After Lady Di's drink, the monarchical mystique was woven around the old queen. When she came to the throne, England had the largest empire in history. Elizabeth II saw how almost all the colonies were lost and the United Kingdom was slowly dying as a power in the international arena. But they invented the Commonwealth, which Elizabeth II was able to cultivate as she was considered the sovereign of many countries that were part of her empire.

The queen was, and King Charles will remain, the richest person in Britain, the one with the most real estate, the most works of art, the most castles, and the most leisure spaces. The maintenance of the royal family is superior to that of any other monarchy in the world. All the notable characters of the last century have passed through its palaces or castles. She received Truman and the rest of the US presidents, with the exception of Johnson, even Biden. The mettle with which he put up with Trump at Windsor Castle when the US president skipped all protocols on his official visit is very recent.

The monarchy has lasted so long in the United Kingdom because British society knew how to make revolutions and changes of great political significance without attacking the principle of legitimacy. Also because of the practicality they apply to politics and life. It is the last country in Europe from which adventures or compromises of any kind can be expected in matters of an abstract nature.

Many Britons considered Brexit a mistake but the queen did not comment on the matter. She also does not know her opinion on the independence referendum held in Scotland in 2014. Elizabeth II is the head of the Church of England following Henry VIII's decision to secede from Rome in the 16th century. She and she has done it with style, responsibility and respect.

He has met and treated Conservative and Labor Prime Ministers, mining leaders, artists, intellectuals and sportspeople. Her passion for horses has been on display with the repertoire of hats that stunned international fashion at Ascot races.

King Farouk of Egypt, a great playmaker with a certain sense of humor, said that only five kings had the throne assured: the four of the deck and the king of England. Farouk knew it would not last because it was a fiction that the English had placed in Egypt and he had nothing to do with the ancient pharaohs. But the British monarchy is still standing because it symbolizes a traditionalism that does not get in the way.

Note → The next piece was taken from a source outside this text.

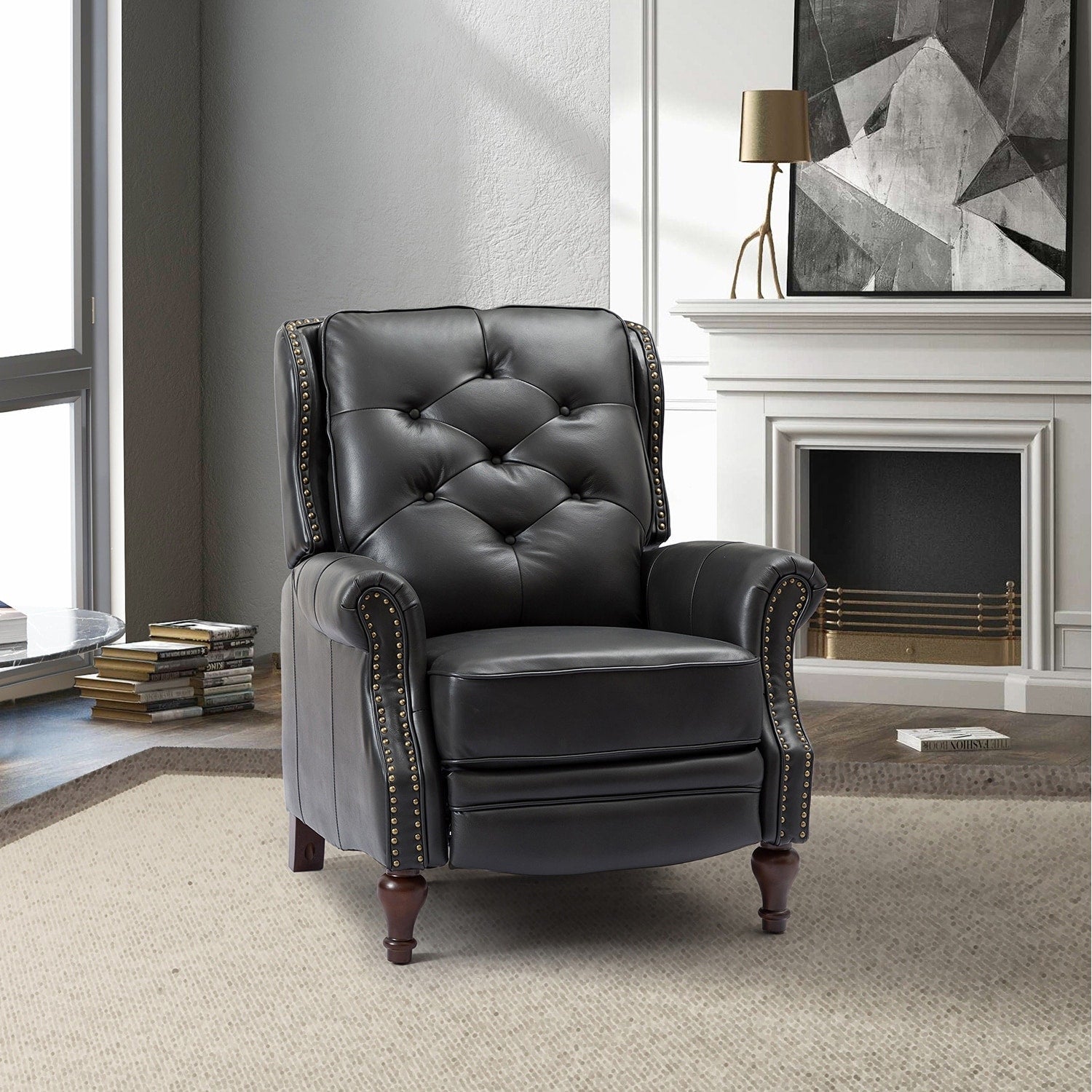 Classic Design: Our recliner features a button-tufted design with nailhead trims and a moderate-height back

The popularity of Elizabeth II was tremendous on the occasion of the 60th anniversary of her reign. More than a million people endured a rainy afternoon on the banks of the Thames watching a flotilla of more than a thousand boats of all types and eras that went up the river. Patriotism was displayed in a multitude of Union Jack flags in the form of umbrellas, trench coats, hats and china pieces. A collection of small boats used to rescue troops trapped at Dunkirk in World War II in 1940 preceded the flagship on which the officer who coordinated the evacuation was sailing.

Elizabeth II has been the ideal queen to preserve the institutions and political balance of a country that has fallen into disrepair but that retains the talent incubated in its universities, in Parliament and in the democratic tradition of several centuries of exercising freedoms. With Elizabeth II, the longest-serving queen in British history is leaving, but she is also leaving an era, a style and a way of exercising responsibility in public affairs.